SIP Study Group - Domain 3 - 14th August 2025

SIP Study Group - 14th August 2025

Thursday August 14, 2025 4:00 pm AWST Duration: 1h

Meeting Summary for SIP Study Group - 14th August 2025

Quick recap

The session focused on applications and foundation models as part of AWS Certified AI Practitioner (CAIP) training, with emphasis on practical AI workflows and prompt engineering. Winton discussed various aspects of AI model selection, implementation, and optimization, including considerations for cybersecurity, performance metrics, and ethical concerns. The presentation covered topics ranging from model architecture and training techniques to performance evaluation and safety measures, concluding with an overview of generative AI app stacks and upcoming session plans.

Next steps

Winton to prepare Domain 4 content for next week's AWS CAIP study session with more visual elements.
Attendees to book a free 15-minute discovery call with Winton if they want personalized guidance on IT and cybersecurity career paths.
Attendees to study AWS services related to foundation models in preparation for the CAIP exam.
Winton to develop content on prompt engineering for practical applications after completing the 5 domains of the AWS CAIP.

Summary

AWS CAIP Training Overview

Winton introduced the session on applications and foundation models as part of the AWS Certified AI Practitioner (CAIP) training, explaining it as a foundational certification for those new to AI, complementing the more technical Machine Learning Engineer certification. He outlined the session's focus on practical AI workflows and prompt engineering, mentioning the recent release of GPT-5 and its implications. Winton also shared his background as a cybersecurity professional and program director for Osaka Hawaii, emphasizing the platform's goal to support learners in AI, cybersecurity, and related fields through certifications, networking, and career guidance. He encouraged participants to book a discovery call for personalized support and guidance.

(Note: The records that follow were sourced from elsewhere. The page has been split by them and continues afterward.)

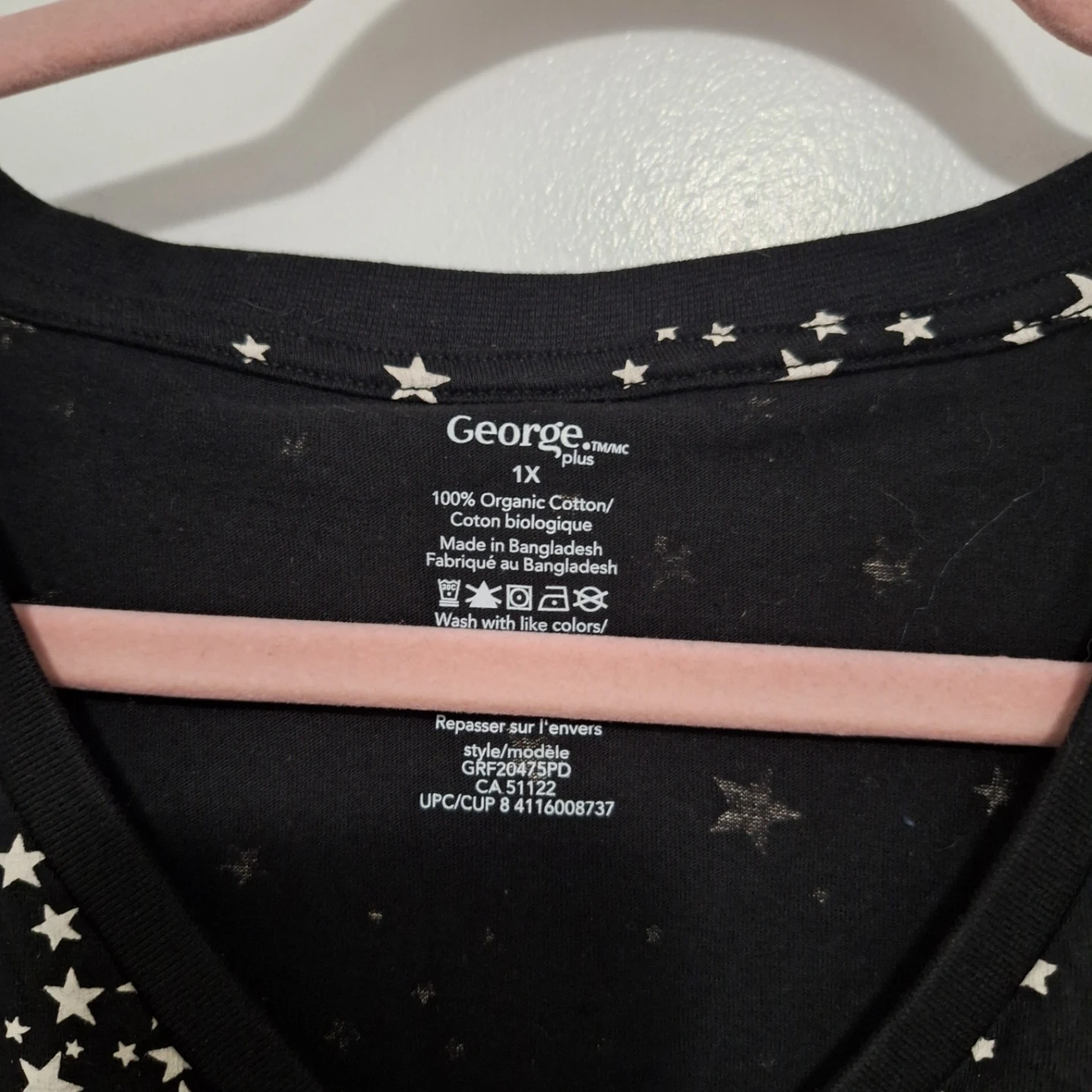 Black v-neck nightgown with a "Cosmic Queen" graphic and all-over star print. Made with 100% organic cotton. Wash with like colors. Size is 1X.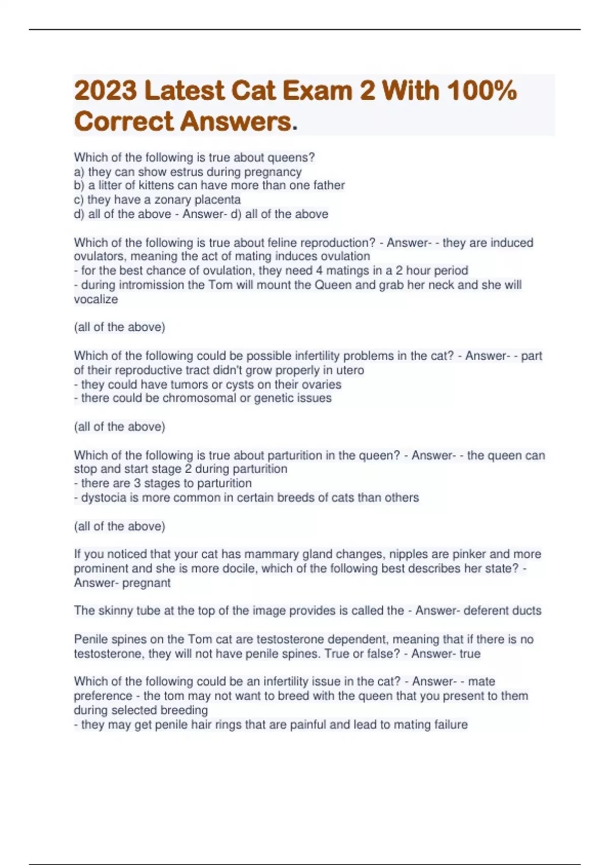 cat exam 2 with correct answers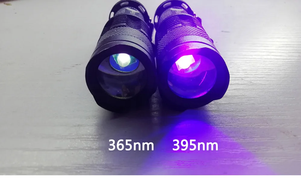 О разнице между 365нм и 395нм:395нм УФ-Ультрафиолетовый светодиодный фонарь для обнаружения подделок, охоты, животных, отслеживания крови, удостоверения личности и проверки документов, минеральное освещение и Идентификация животных и вредителей, пятна мочи, освещение скорпиона;УФ-Фонарик 365nm подходит для различных задач, таких как Пешие прогулки, кемпинг, EDC освещение, ФЛУОРЕСЦЕНТНОЕ обнаружение, обнаружение пятен мочи домашних животных, обнаружение фальшивых, проверка удостоверений личности, камни и минеральные светящиеся и так далее.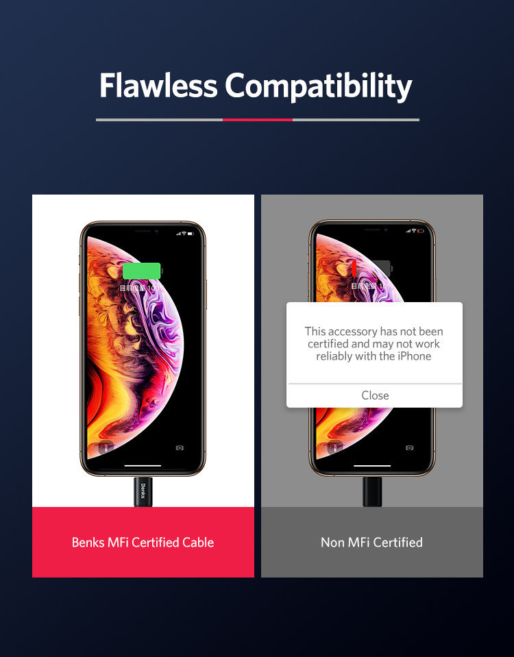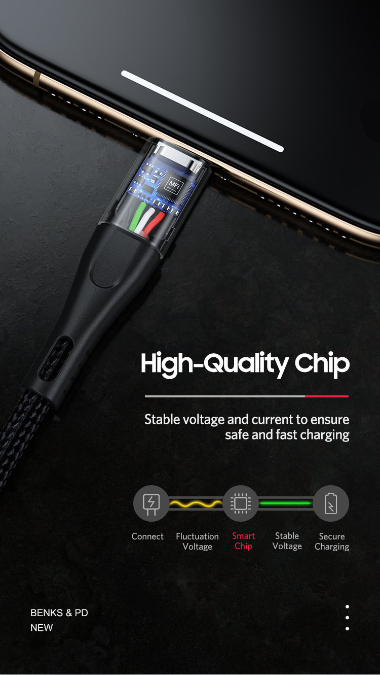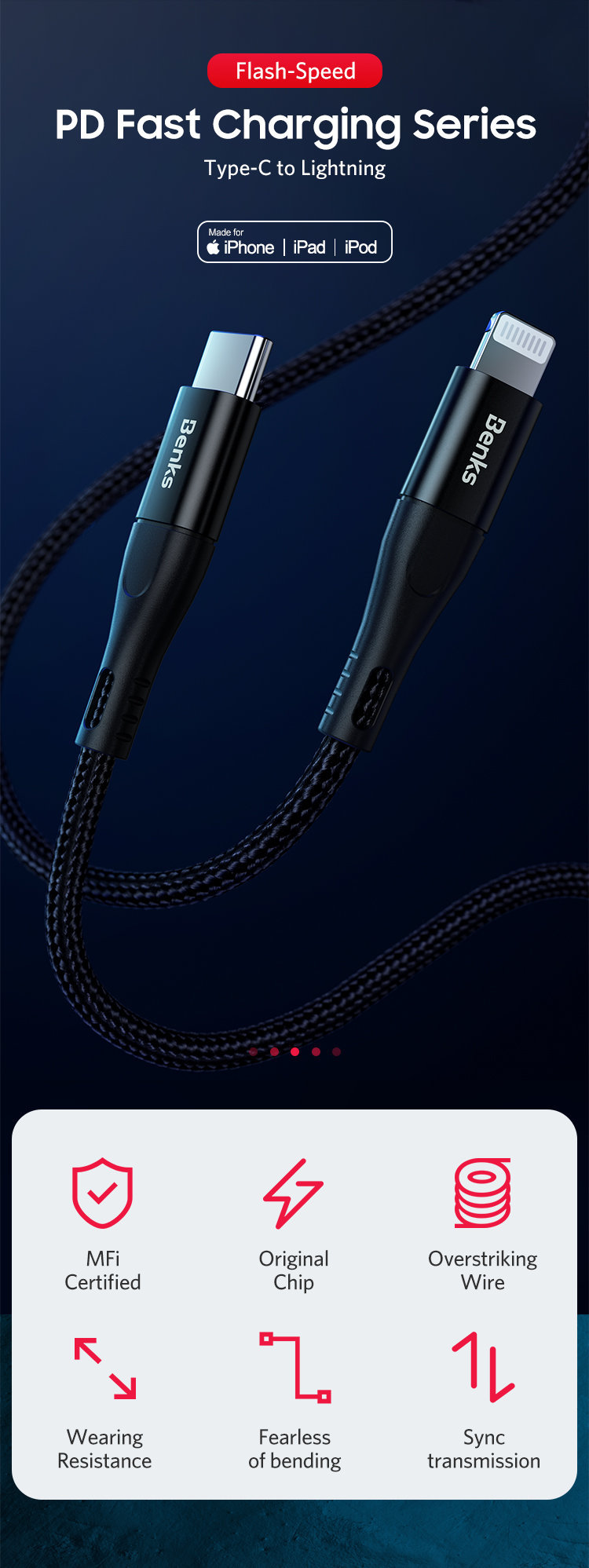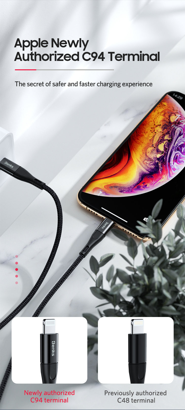 Cáp sạc nhanh Benks M17 USB-C to Lightning 18W PD chuẩn MFi Sạc an toàn ở tốc độ sạc nhanh nhất.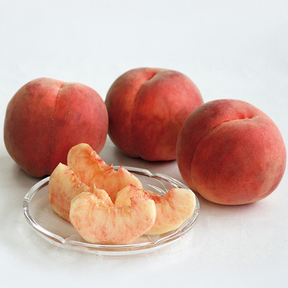 夏ももの「あかつき」。緻密な肉質で適度な柔らかさがあり、みずみずしい甘さが特徴です。

Understanding Foundation Models in Cybersecurity

Winton introduced a module on foundation models, explaining their applications and importance in cybersecurity. He outlined key topics to be covered, including choosing the right engine, driving models safely, tuning for specific domains, and measuring effectiveness. Winton emphasized the importance of balancing model size and complexity with hardware capabilities, similar to sizing security tools. He also discussed cost considerations, scalability, and the need for ongoing maintenance of foundation models, comparing them to long-lived systems that require regular updates and care.

AI Model Selection Strategies

Winton discussed selecting the appropriate AI models for different tasks, emphasizing the importance of multimodal and multilingual capabilities for analyzing various types of data. He highlighted the need for fast latency and efficient resource use, advocating for smaller, focused models over larger, more complex ones. Winton also stressed the importance of context length, customization, and the use of templates to improve model performance. He introduced the concept of "rag" (retrieval augmented generation), which involves retrieving information from reputable sources to enhance the accuracy and relevance of model outputs.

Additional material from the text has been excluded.